Bitcoin, Ethereum, Solana, and the major liquid alts — read through the same eight-module framework, tuned for crypto's halving cycles, ETF flows, and on-chain dynamics.
What changes for crypto.
The same eight modules, but with crypto-specific calibration. Macro context shifts. Quality and value get de-weighted. Sentiment and momentum get up-weighted. On-chain replaces some traditional inputs.
Halving matters
Bitcoin's supply schedule halves every four years. The April 2024 halving was the fourth. Each cycle's expansion has been smaller in percentage terms than the previous — exactly what you'd expect as the asset matures.

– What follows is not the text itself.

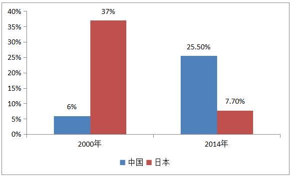 圖:中日兩國高科技產(chǎn)品出口占全球份額的變化

Our model treats this as one input, not a thesis.
The new signal
Spot Bitcoin ETFs introduced a price-discovery channel that didn't exist in previous cycles. Weekly net flow is now one of the cleanest demand indicators we have — better than retail Google Trends or exchange inflow data.
Three buckets, not fifty
You don't need fifty indicators. We watch holder behaviour (LTH supply changes), realized price (paper-gain pressure), and exchange reserves (custody trends). Most other on-chain metrics are noise.
Liquidity is destiny
Crypto correlates with global liquidity more than any other asset class. Real yields, the dollar index, and Fed balance-sheet dynamics drive 60–70% of medium-term price action — well above any individual coin's fundamentals.